Rezo para que, en el próximo año, los cubanos sepamos conservar todo lo bello que tenemos: la chispa, las iniciativas, las ocurrencias, el amor a Dios y a la Virgen de la Caridad , el apego a la familia y a la tierra cubana, el amor a los hijos y la alegría. Que no dejemos morir lo bueno y bello que hay en nosotros.
Una costumbre muy linda que hemos sabido conservar entre nosotros es que, en Navidad y Año Nuevo, nos felicitamos mutuamente. ¡Felicidades!, nos dicen. Y nosotros contestamos: ¡Lo propio! o también ¡Igualmente! Y eso es encantador, porque el verbo felicitar viene del latín felicitare , que significa hacer feliz. ¿Se imaginan ustedes qué distinto sería este mundo, Cuba, Guantánamo, nuestras comunidades, nuestras familias, si cada uno se propusiera felicitar, o sea, hacer feliz a los que lo rodean?… ¿si cada uno se dedicara a pensar menos en su propia felicidad para buscar la felicidad de los demás?... ¿si los esposos y esposas se dijeran mutuamente “yo quiero hacerte feliz a ti” ? Si hacemos esto, habrá Navidad. Ojalá que en esta Navidad le abramos nuestro corazón a Jesucristo. Ojalá que en esta Navidad perdonemos de corazón a quien nos haya ofendido. Ojalá que en esta Navidad alegremos el corazón de un enfermo o de un viejito del Hogar de Ancianos.
No quiero terminar sin aprovechar esta oportunidad de poder hablarles por la radio para adelantarles una buena noticia que espero ampliar próximamente: Si Dios quiere, el domingo 24 de febrero, inauguraremos la sede del Obispado de Guantánamo-Baracoa, en la calle Paseo entre San Gregorio y Cuartel. Para tan gran acontecimiento, contaremos con la presencia de Su Eminencia, el Cardenal Tarcisio Bertone, Secretario de Estado del Papa Benedicto XVI. Será la primera vez que una persona de tan alta responsabilidad en la Iglesia Católica visite nuestra provincia. Ese domingo, a las 9 de la mañana, él presidirá una Misa solemne en la Plaza Pedro Agustín Pérez para luego, al terminar, ir todos hasta el Obispado y dejarlo inaugurado.
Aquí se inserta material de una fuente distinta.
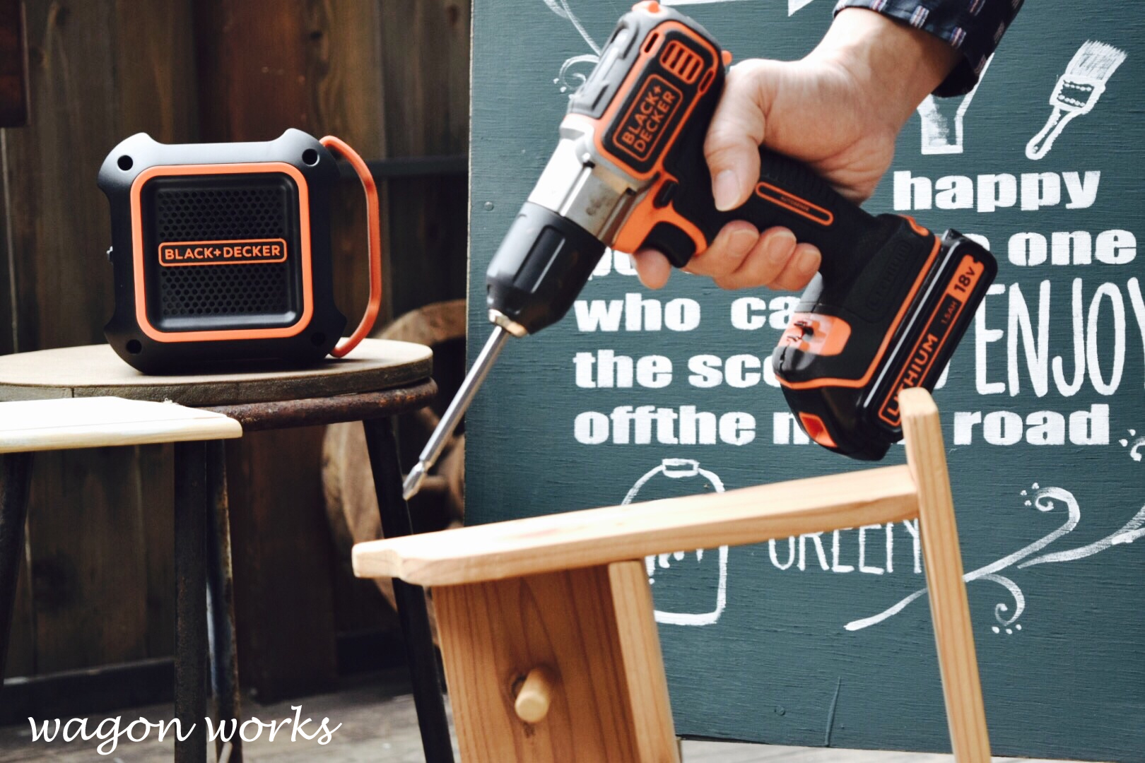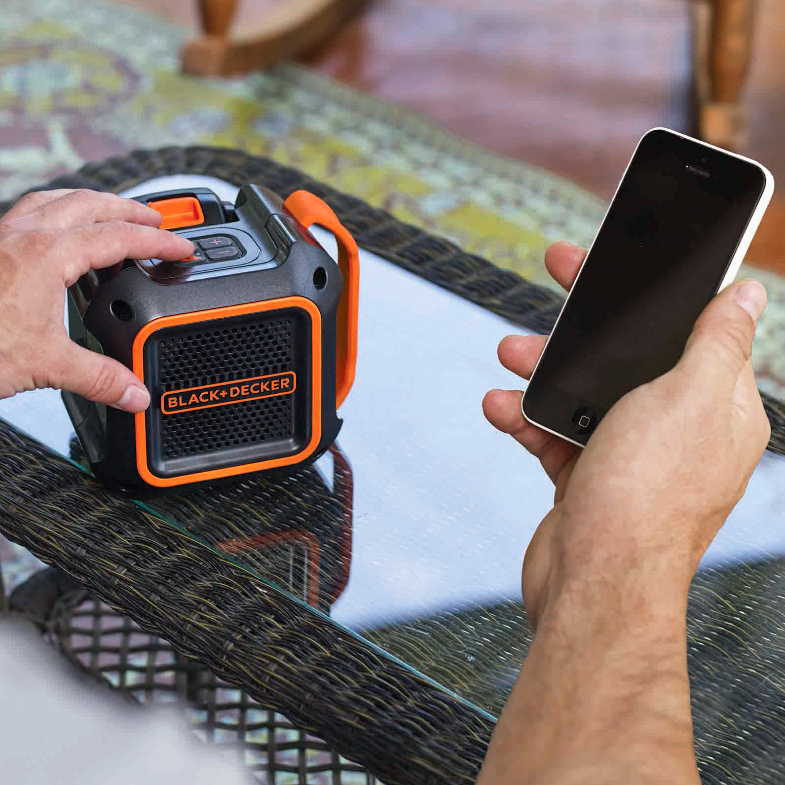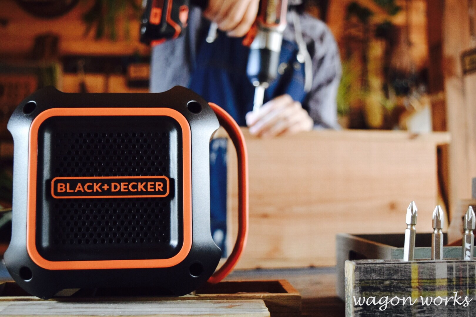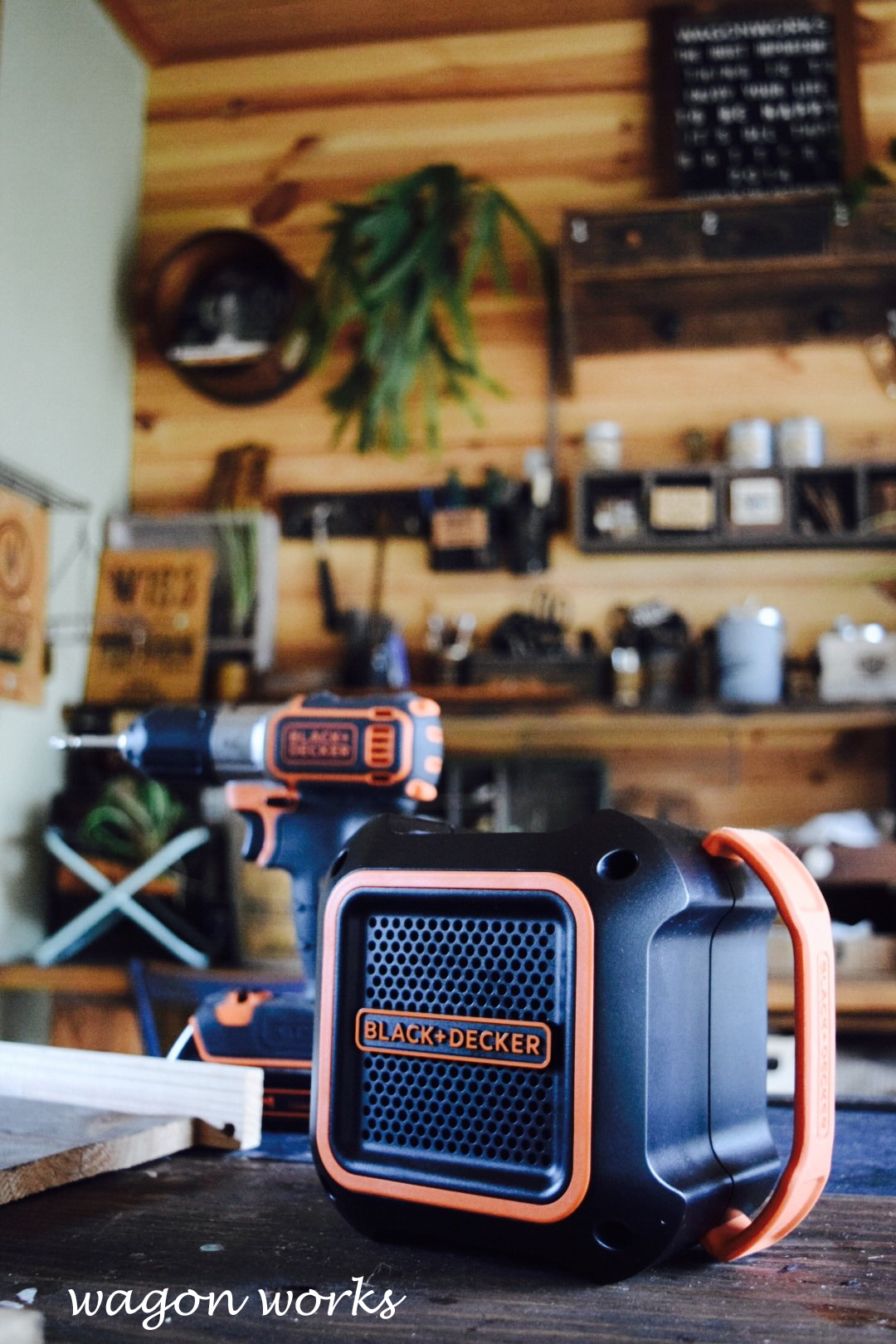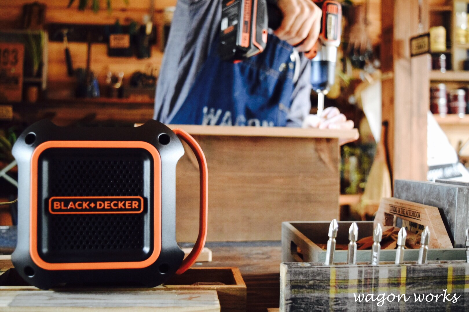 全長17cmとサイズもコンパクト、BLACK+DECKERらしい黒×オレンジのカラーリングもちょっと無骨でいい雰囲気。使用する18Vバッテリーは同社の電動工具や園芸用アイテムなど16機種共通に使えるバッテリー。工具を同社のアイテムでそろえればバッテリーを共有できるが、スピーカー用にまで共有できるというワケだ。

Será muy buena la ocasión para reunirnos una vez más y dar gracias a Dios. ¡ Ojalá que todos puedan participar en esta celebración!
Quiero, además, que esta bendición por la Navidad que ahora les imparto descienda especialmente sobre los enfermos, los presos, los minusválidos, los que viven solos, los que están lejos de su familia y de su tierra cubana, los que sufren, los que se sienten tristes, los que lamentan la muerte reciente de un ser querido, y los que han perdido la virtud de la esperanza. ¡Feliz Navidad y próspero Año Nuevo!, les desea su Obispo, que ahora los bendice.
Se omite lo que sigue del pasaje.